** EXERCISE AIM **
Please set down every line of the records below exactly, without the pictures.

** DATA PROVIDED **
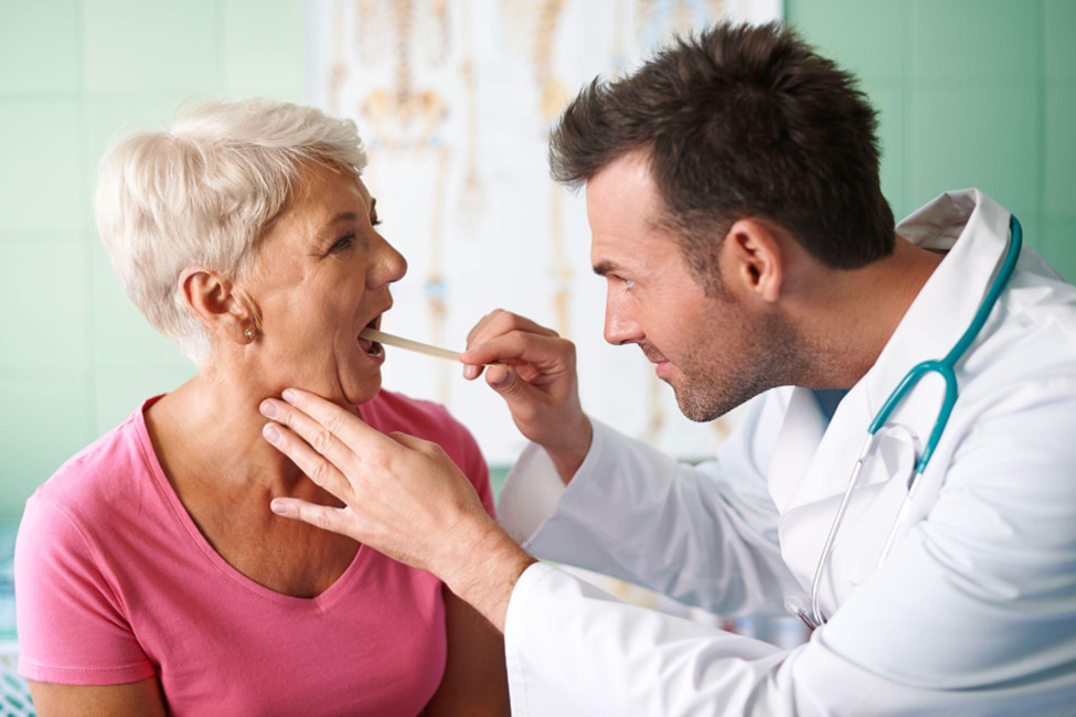 - пальпацию подчелюстной и шейной зоны для выявления увеличенных лимфоузлов;
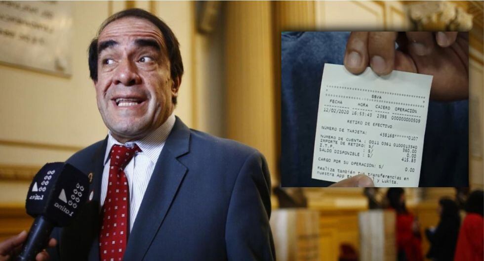 El militante de Acción Popular mostró dos voucher que muestra la cantidad de dinero que tuvo y tiene en la actualidad. El 5 de febrero su tarjeta guardaba 3,562 soles y el 12 de febrero solo 415 soles.
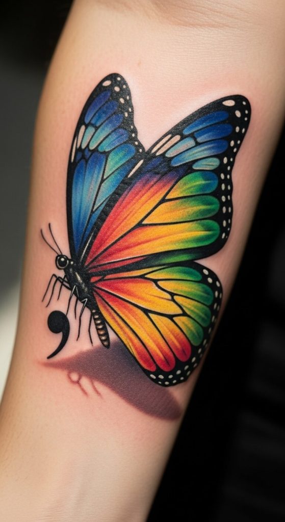 I absolutely adore the semicolon tattoo butterfly. It combines transformation (butterfly meaning) with resilience.
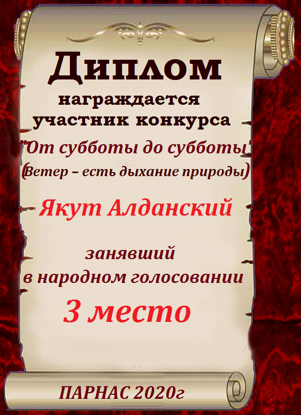 Третье место по итогам конкурса «Ветер снова мне шепчет о счастье ", народное голосование. Поздравляем с прекрасной победой!
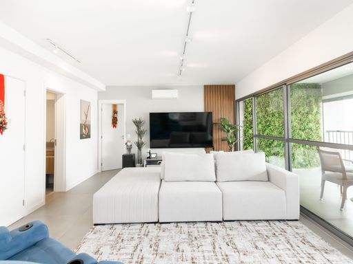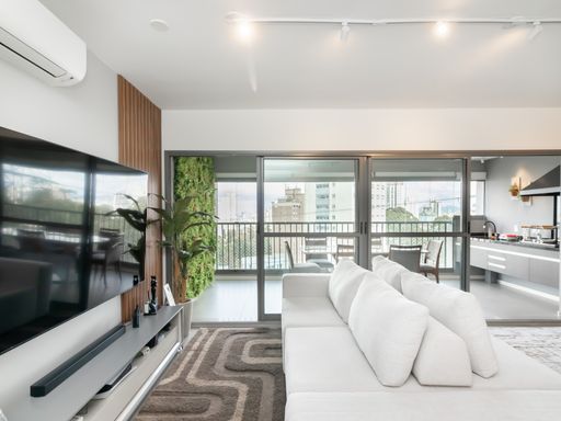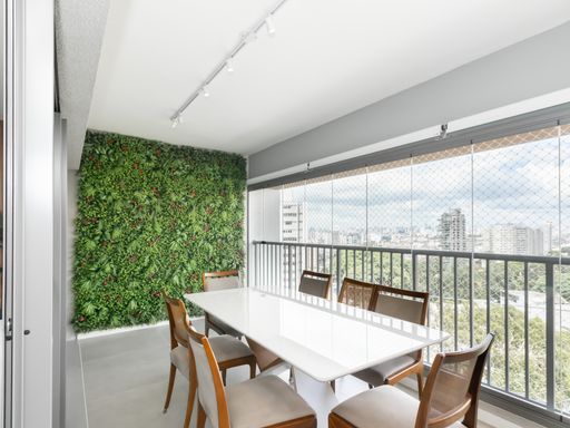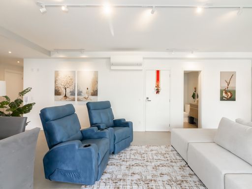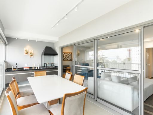 O apartamento possui 3 dormitórios, todos suítes, Sala ampla para 2 ambientes com lavabo, Varanda gourmet com churrasqueira, Cozinha planejada com cooktop e forno, Área de serviço com aquecedor à gás, 4 banheiros no total, Ar-condicionado em todos os ambientes, 2 vagas de garagem e Hall privativo no elevador.
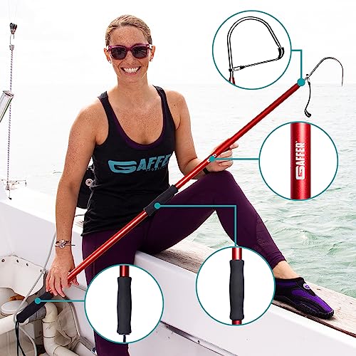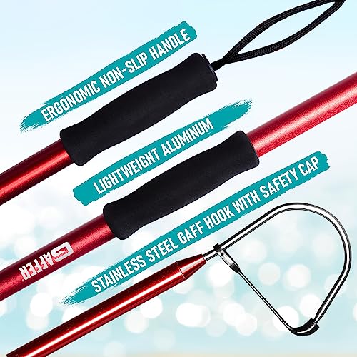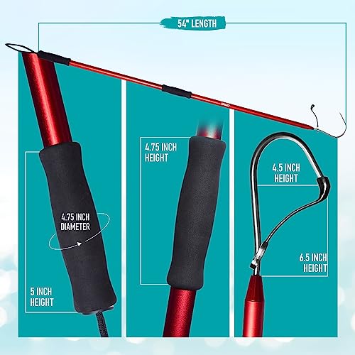 54” LONG GAFF HOOK – Our Gaff for fishing has a lightweight aluminum body for a light yet sturdy feel in your hand. The entire length of the gaff pole is 54” including the hook and the boat hook features a 6.5-inch long x 4.5-inch conically sharpened round-bend gaff hook for fish with a custom profile designed for minimal water resistance and optimal tensile strength when sea fishing.
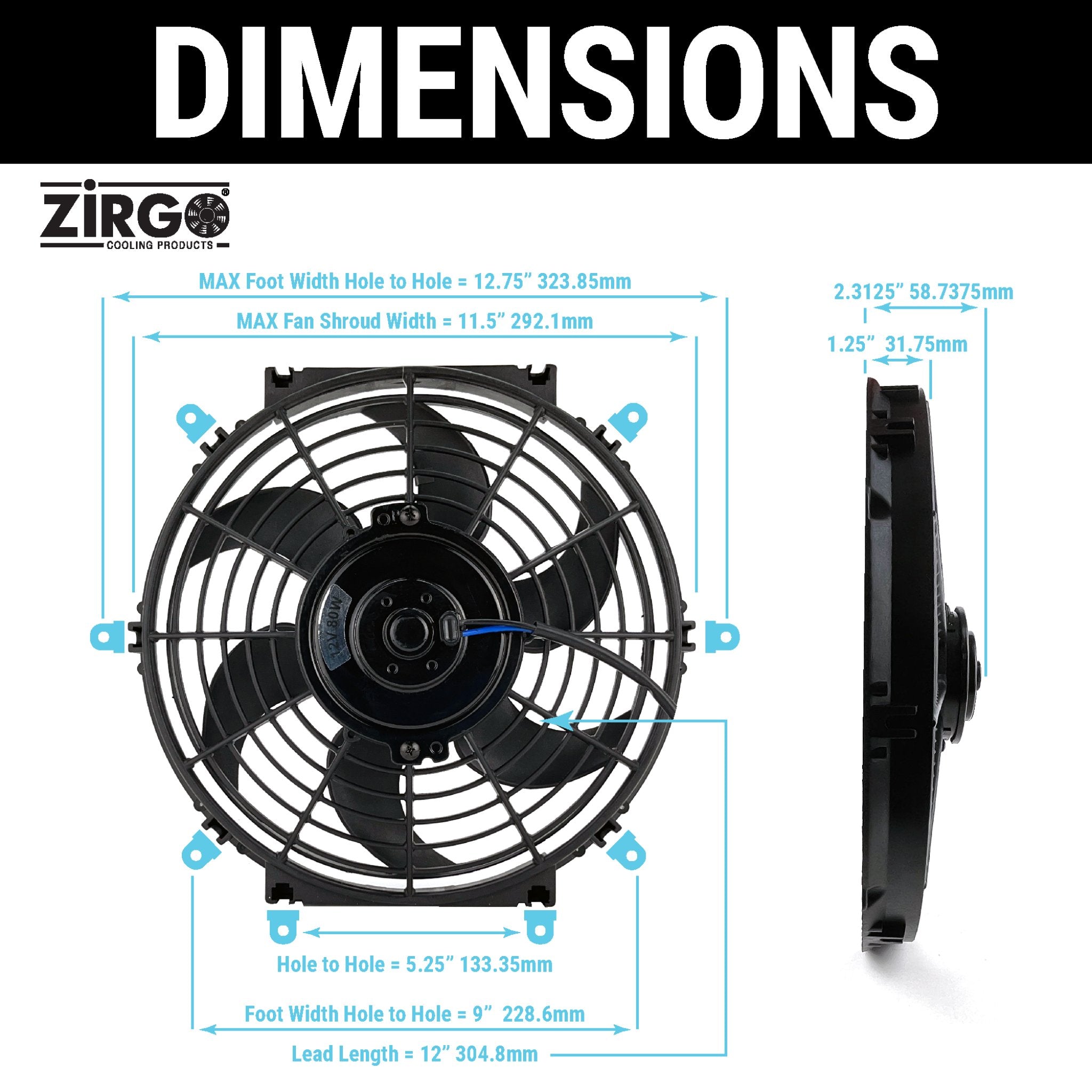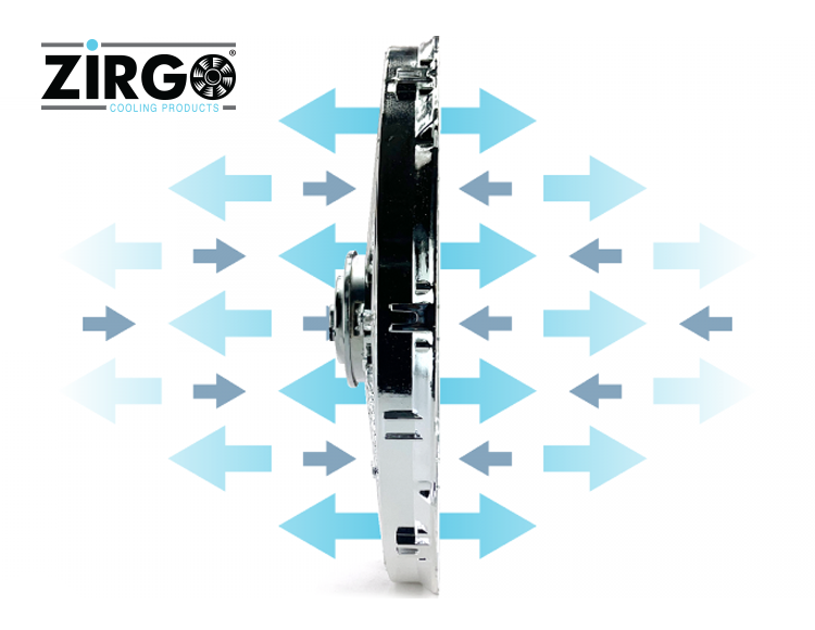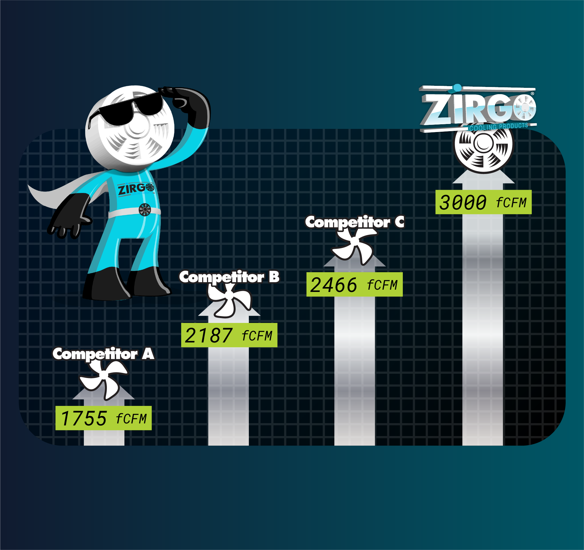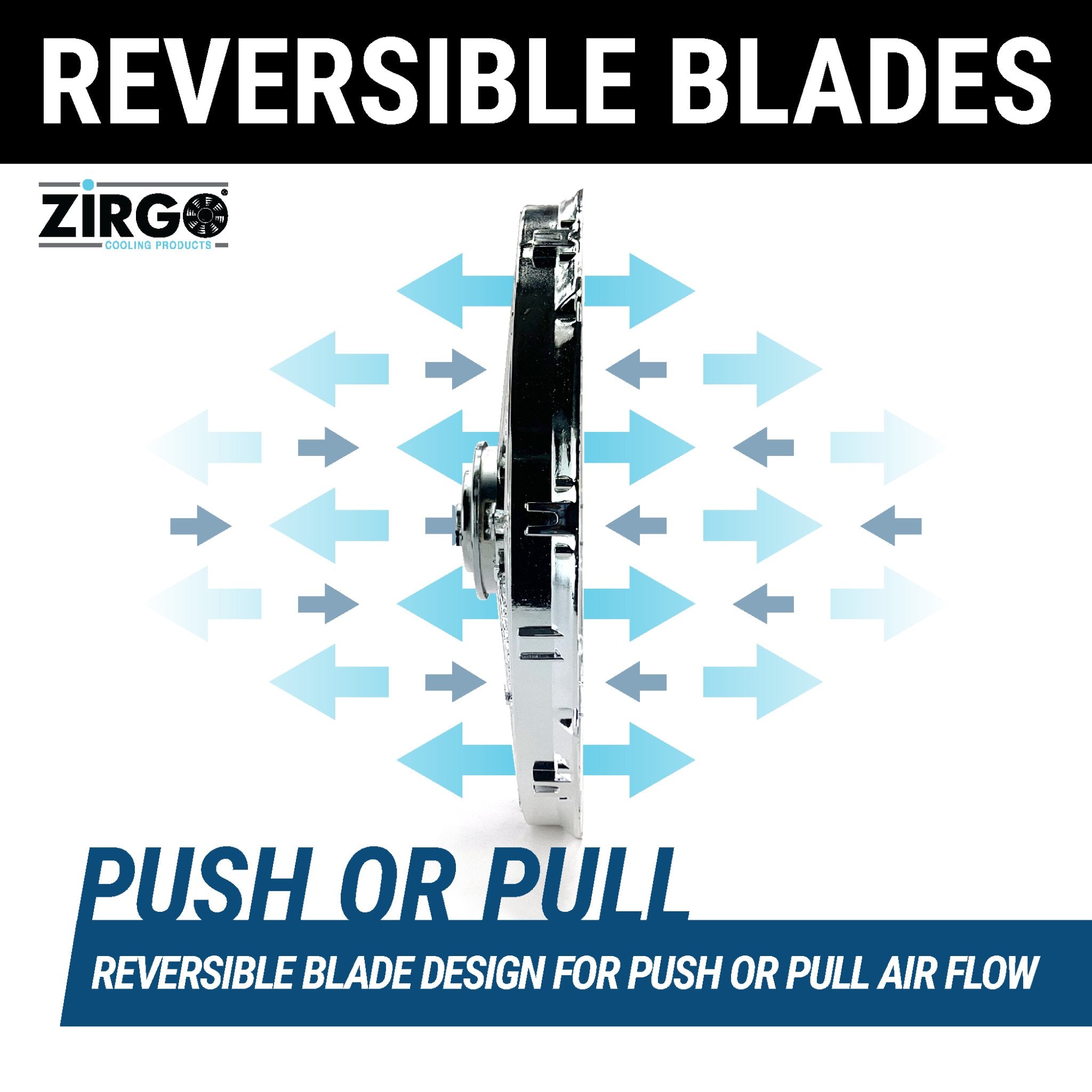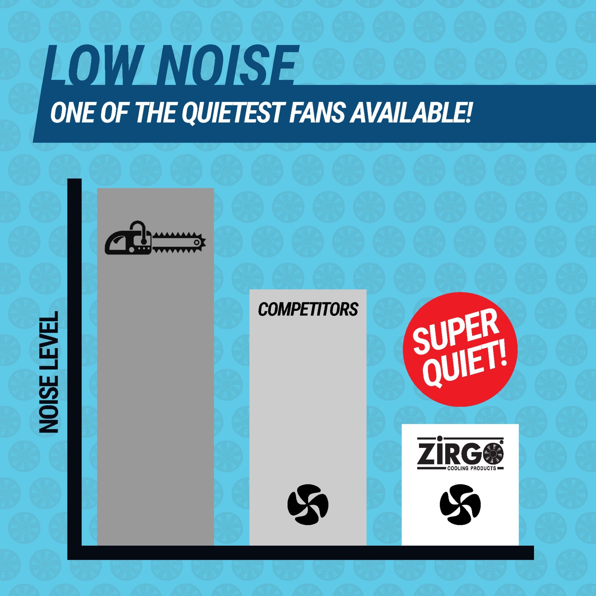 16" Black Zirgo 3000 fCFM High Torque S-Curved Blade Performance Cooling Fan DC
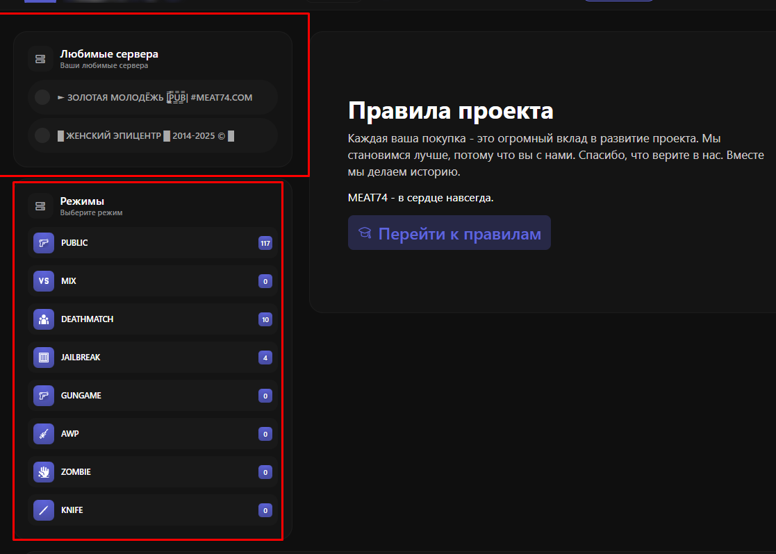 Выбираем нужный сервер - Если сервер добавлен в избранное он будет первый по списку, другие же сервера можно найти в Режимах
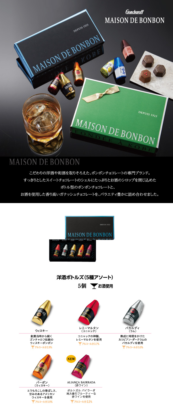 401 洋酒ボトルズ(5種アソート) 5個 ゴンチャロフ メゾンドボンボン バレンタイン2026 チョコレート お酒チョコ
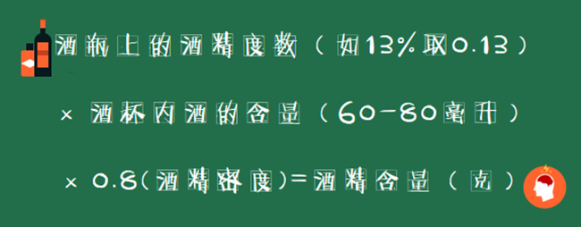 大家常飲用的葡萄酒度數(shù)一般為11 - 13%,按照不超過酒杯1/3的倒酒標(biāo)準(zhǔn),一杯葡萄酒通常有60 - 80毫升。按下圖計(jì)算公式,喝一杯葡萄酒,你將攝入5 - 8克酒精。

** ANSWER TO THE PROBLEM **
 - пальпацию подчелюстной и шейной зоны для выявления увеличенных лимфоузлов;
 El militante de Acción Popular mostró dos voucher que muestra la cantidad de dinero que tuvo y tiene en la actualidad. El 5 de febrero su tarjeta guardaba 3,562 soles y el 12 de febrero solo 415 soles.
 I absolutely adore the semicolon tattoo butterfly. It combines transformation (butterfly meaning) with resilience.
 Третье место по итогам конкурса «Ветер снова мне шепчет о счастье ", народное голосование. Поздравляем с прекрасной победой!
 O apartamento possui 3 dormitórios, todos suítes, Sala ampla para 2 ambientes com lavabo, Varanda gourmet com churrasqueira, Cozinha planejada com cooktop e forno, Área de serviço com aquecedor à gás, 4 banheiros no total, Ar-condicionado em todos os ambientes, 2 vagas de garagem e Hall privativo no elevador.
 54” LONG GAFF HOOK – Our Gaff for fishing has a lightweight aluminum body for a light yet sturdy feel in your hand. The entire length of the gaff pole is 54” including the hook and the boat hook features a 6.5-inch long x 4.5-inch conically sharpened round-bend gaff hook for fish with a custom profile designed for minimal water resistance and optimal tensile strength when sea fishing.
 16" Black Zirgo 3000 fCFM High Torque S-Curved Blade Performance Cooling Fan DC
 Выбираем нужный сервер - Если сервер добавлен в избранное он будет первый по списку, другие же сервера можно найти в Режимах
 401 洋酒ボトルズ(5種アソート) 5個 ゴンチャロフ メゾンドボンボン バレンタイン2026 チョコレート お酒チョコ
 大家常飲用的葡萄酒度數(shù)一般為11 - 13%,按照不超過酒杯1/3的倒酒標(biāo)準(zhǔn),一杯葡萄酒通常有60 - 80毫升。按下圖計(jì)算公式,喝一杯葡萄酒,你將攝入5 - 8克酒精。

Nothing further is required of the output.